By talking to people and getting an understanding of how they feel, I came to the conclusion that what we are doing is basically a positive thing. Chris Wemmer, Smithsonian National Zoological Park

But four months later, Myanmar erupted into the headlines when a mass demonstration in the capital, Yangon (formerly Rangoon), ended with a massacre often called ‘Burma's Tiananmen Square’. Since then, Myanmar's military rulers, who now call themselves the State Peace and Development Council, have been heaped with opprobrium. They are at war with the Karens and other ethnic minorities, and rule the Burmese with a rod of iron. The London-based group Burma Campaign, which is pressing for democracy in the country, maintains that adults and children are routinely coerced into working on government projects; more than a million people have been relocated to make way for military installations, business ventures and the wildlife park highlighted in the Observer article. And according to Amnesty International, “torture has become an institution”. Meanwhile, Nobel peace laureate Aung San Suu Kyi is under house arrest, 17 years after she was elected to lead the country.

Asset stripping

Wemmer and his colleagues agree the regime is unsavoury. But they reject the accusation of collusion in human-rights abuse. “If I thought what I was doing out there was aiding the regime in abusing the people, my conscience wouldn't allow me to stay. I would get the hell out,” says Wemmer. “But by talking to a lot of poor people in the country and getting a really intimate understanding of how they feel, I came to the conclusion that what we are doing is basically a positive thing. Not being there wouldn't help the cause in any way.”

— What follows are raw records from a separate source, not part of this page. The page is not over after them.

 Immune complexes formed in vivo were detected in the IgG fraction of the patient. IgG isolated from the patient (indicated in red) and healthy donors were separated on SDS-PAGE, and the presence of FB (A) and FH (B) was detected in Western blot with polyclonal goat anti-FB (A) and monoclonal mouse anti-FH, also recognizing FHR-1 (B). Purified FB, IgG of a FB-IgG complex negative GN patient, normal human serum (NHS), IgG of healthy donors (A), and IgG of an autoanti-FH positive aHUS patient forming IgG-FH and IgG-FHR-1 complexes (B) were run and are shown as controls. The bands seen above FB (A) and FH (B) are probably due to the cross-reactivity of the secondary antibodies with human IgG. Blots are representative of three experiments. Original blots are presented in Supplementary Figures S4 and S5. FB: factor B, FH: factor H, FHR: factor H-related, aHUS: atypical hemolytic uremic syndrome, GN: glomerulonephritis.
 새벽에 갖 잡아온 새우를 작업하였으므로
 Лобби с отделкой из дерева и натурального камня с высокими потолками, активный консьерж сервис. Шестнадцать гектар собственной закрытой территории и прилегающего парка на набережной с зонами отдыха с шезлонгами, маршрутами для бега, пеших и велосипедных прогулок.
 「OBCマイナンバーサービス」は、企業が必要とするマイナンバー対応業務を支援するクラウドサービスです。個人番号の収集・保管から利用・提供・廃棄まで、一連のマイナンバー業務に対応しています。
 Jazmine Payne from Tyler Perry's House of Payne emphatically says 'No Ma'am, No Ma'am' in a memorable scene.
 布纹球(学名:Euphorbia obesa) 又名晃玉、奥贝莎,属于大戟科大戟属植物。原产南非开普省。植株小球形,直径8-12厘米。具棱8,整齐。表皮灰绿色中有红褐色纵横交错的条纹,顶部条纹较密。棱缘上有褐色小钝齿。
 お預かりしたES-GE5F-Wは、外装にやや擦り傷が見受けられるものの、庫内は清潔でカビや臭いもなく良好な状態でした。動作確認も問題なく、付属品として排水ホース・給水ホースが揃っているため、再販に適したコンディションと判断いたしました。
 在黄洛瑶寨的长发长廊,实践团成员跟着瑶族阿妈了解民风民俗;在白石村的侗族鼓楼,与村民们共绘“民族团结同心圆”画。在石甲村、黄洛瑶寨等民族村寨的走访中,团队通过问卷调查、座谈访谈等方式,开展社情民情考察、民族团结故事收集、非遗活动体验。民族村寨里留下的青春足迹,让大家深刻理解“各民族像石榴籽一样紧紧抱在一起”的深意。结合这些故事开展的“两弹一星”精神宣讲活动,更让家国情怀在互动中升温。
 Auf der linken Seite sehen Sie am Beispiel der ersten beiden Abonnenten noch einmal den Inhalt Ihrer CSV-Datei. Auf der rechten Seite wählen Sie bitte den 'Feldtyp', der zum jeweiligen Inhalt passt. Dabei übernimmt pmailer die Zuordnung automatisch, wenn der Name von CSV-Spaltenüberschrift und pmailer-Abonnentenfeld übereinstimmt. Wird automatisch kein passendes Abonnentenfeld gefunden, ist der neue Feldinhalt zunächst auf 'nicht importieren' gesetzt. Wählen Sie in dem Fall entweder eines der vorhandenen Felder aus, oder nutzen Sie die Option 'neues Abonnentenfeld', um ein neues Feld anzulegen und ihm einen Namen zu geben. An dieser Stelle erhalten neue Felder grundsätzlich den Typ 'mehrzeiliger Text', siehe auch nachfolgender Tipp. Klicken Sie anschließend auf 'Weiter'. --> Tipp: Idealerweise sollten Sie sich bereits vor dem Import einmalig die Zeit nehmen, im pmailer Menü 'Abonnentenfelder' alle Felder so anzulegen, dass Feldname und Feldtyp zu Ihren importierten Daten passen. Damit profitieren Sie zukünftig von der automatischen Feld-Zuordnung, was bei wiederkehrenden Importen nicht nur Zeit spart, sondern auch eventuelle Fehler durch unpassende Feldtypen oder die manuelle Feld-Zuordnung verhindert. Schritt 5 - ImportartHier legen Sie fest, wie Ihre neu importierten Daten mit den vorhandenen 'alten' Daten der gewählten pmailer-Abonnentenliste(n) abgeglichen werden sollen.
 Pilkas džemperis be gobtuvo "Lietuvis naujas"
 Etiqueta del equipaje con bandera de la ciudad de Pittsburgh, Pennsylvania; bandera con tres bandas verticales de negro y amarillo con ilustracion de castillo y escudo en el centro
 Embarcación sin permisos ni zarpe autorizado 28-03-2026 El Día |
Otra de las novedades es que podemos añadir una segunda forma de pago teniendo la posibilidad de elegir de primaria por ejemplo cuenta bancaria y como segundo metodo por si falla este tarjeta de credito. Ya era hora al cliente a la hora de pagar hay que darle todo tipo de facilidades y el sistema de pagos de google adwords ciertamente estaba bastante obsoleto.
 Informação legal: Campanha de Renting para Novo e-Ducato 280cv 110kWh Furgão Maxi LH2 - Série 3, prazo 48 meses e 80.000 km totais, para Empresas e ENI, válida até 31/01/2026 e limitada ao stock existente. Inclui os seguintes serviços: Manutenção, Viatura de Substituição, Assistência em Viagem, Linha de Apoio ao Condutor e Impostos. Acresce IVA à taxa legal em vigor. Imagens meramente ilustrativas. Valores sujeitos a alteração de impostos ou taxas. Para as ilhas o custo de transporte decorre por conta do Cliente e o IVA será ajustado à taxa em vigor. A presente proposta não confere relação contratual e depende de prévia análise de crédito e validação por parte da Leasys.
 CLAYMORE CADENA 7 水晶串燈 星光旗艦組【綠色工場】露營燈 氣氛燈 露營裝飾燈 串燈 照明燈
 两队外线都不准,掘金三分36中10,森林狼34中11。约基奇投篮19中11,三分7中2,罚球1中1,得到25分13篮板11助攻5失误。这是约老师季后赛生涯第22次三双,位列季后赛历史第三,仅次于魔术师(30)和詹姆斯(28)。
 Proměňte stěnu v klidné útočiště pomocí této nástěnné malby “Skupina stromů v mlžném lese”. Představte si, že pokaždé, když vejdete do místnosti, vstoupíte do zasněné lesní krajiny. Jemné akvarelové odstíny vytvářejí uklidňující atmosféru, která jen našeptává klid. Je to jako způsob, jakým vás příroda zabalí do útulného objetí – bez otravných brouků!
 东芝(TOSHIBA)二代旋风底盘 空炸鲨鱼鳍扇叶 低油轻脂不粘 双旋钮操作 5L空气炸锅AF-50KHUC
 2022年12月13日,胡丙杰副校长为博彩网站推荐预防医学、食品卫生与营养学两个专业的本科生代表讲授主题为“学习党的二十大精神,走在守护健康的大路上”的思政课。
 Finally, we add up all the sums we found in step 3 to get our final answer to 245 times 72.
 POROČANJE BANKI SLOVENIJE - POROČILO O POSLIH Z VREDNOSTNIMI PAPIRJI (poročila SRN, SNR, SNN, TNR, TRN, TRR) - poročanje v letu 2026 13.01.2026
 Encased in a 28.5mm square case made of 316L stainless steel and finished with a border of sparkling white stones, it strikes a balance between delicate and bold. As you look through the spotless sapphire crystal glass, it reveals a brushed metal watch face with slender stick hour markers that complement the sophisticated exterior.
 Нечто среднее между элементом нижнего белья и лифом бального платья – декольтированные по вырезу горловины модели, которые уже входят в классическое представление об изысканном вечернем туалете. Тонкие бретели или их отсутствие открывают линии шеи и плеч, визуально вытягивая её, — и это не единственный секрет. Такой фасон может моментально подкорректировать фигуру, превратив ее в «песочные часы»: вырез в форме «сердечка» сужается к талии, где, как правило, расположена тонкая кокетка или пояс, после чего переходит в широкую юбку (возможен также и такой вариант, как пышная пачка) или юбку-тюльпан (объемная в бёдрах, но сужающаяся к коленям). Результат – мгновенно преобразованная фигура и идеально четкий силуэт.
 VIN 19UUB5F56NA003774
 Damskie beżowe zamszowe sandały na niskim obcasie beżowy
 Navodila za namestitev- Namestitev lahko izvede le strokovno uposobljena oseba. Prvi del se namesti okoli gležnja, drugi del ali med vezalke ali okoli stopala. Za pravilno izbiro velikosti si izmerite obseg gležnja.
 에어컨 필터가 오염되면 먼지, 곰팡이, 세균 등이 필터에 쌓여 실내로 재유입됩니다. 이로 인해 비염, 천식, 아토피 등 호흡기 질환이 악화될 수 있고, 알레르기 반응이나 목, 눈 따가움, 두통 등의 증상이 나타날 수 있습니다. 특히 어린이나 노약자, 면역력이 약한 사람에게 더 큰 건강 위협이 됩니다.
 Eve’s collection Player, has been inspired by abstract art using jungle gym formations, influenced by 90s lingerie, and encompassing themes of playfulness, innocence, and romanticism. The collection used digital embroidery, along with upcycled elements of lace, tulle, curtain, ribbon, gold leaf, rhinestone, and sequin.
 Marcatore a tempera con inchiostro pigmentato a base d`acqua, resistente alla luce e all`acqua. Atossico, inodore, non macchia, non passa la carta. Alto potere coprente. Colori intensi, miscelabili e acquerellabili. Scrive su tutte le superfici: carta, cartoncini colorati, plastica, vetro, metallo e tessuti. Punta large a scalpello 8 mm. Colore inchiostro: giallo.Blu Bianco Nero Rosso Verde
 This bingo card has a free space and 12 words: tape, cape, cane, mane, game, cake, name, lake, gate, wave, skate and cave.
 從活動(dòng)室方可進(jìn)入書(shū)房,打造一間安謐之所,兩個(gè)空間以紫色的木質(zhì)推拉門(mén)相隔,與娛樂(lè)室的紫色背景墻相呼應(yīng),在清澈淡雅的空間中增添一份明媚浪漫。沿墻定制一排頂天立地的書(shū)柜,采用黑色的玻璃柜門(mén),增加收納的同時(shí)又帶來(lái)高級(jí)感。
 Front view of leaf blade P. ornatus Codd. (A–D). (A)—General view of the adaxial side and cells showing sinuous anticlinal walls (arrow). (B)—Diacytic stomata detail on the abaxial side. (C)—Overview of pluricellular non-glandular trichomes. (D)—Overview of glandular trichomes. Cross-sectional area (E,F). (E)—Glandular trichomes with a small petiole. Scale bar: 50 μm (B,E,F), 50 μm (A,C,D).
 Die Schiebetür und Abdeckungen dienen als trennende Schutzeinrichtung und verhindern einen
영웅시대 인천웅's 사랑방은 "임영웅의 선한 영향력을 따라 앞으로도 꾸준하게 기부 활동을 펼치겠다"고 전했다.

For conservationists, the main motivation is the opportunity to protect one of Asia's last wildernesses. “Myanmar has the largest area of standing forest in the whole of the Asian-Pacific region,” says Alan Rabinowitz, director of science and exploration for the Wildlife Conservation Society, based at the Bronx Zoo in New York, who has worked in the country for many years. The forests are a biodiversity hotspot and a stronghold for endangered tigers and Asian elephants.

But maybe not for much longer: logging is rife, with much of the profits believed to go to Myanmar's military rulers. According to the London-based pressure group Global Witness, which works to highlight the links between the pillage of natural resources and abuses of human rights, Myanmar exported more than 1.72 million cubic metres of timber between 1999 and 2000.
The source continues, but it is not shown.